Technical information
- Licensing authority: FCC
- Facility ID: 34377
- Class: A (clear channel station)
- Power: 50,000 watts
- Transmitter coordinates: 29°50′14.75″N 90°7′55.27″W﻿ / ﻿29.8374306°N 90.1320194°W (main); 29°55′27.7″N 90°2′4.3″W﻿ / ﻿29.924361°N 90.034528°W (aux);
- Repeater: 105.3 WWL-FM (Kenner)

Links
- Public license information: Public file; LMS;
- Webcast: Listen live (via Audacy)
- Website: www.audacy.com/wwl

= WWL (AM) =

WWL (870 kHz) is an commercial AM radio station in New Orleans, Louisiana, owned by Audacy, Inc. WWL and 105.3 WWL-FM simulcast a news/talk radio format with sports talk at night. The station's studios are in the 400 Poydras Tower in the New Orleans Central Business District. On January 7, 2024, Audacy filed a chapter 11 plan for bankruptcy with almost $2 billion of debt.

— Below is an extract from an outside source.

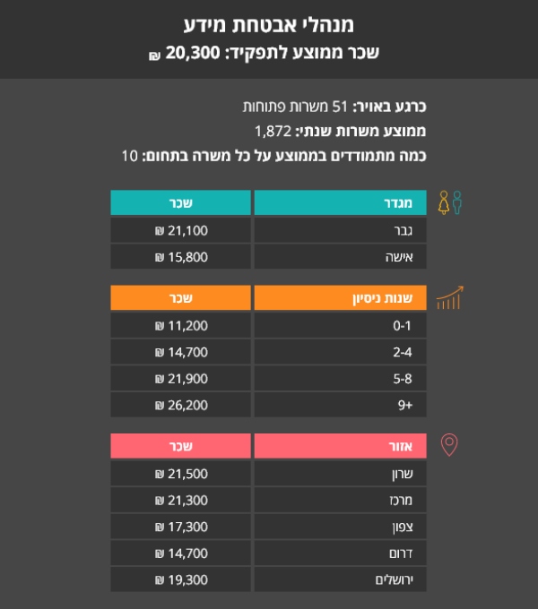 על פי הנתונים שלנו, ישנה עלייה משמעותית בכמות המשרות שבתחום אבטחת המידע. בשנים האחרונות חלה עלייה תלולה במספר התקפות הסייבר על ישראל, שהגיעה לשיאה בתקופת מבצעי "עמוד ענן" ו"צוק איתן" (אשר במהלכם בלבד דווח על עשרות מיליוני ניסיונות התקפה). כאמצעי התמודדות, ואף כאמצעי מנע, עלתה גם הדרישה למומחים ויועצים בתחום, הן במגזר הפרטי והן הציבורי.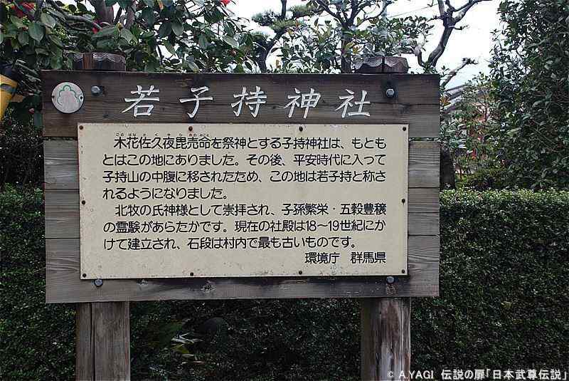 また、この地を訪れた時、豊城入彦(とよきいりひこ)命の娘上妻媛(かづまひめのみこと)を妻とし、子持山に木花開夜姫命を勧進し子が授かることを祈ったところ、媛は無事岩鼓王(いわつづみおう)を産んだ と伝わっています。

WWL is a clear-channel, Class A station. Its transmitter power output is 50,000 watts, the maximum for commercial AM stations in the U.S. It uses a directional antenna with a two-tower array. The transmitter is in the Jean Lafitte National Historical Park in Estelle, Louisiana. The daytime signal provides at least secondary coverage to large parts of the Gulf Coast, with city-grade coverage reaching as far east as Pensacola, Florida, and as far west as Lafayette, Louisiana. At night it can be heard across much of the central and southern United States.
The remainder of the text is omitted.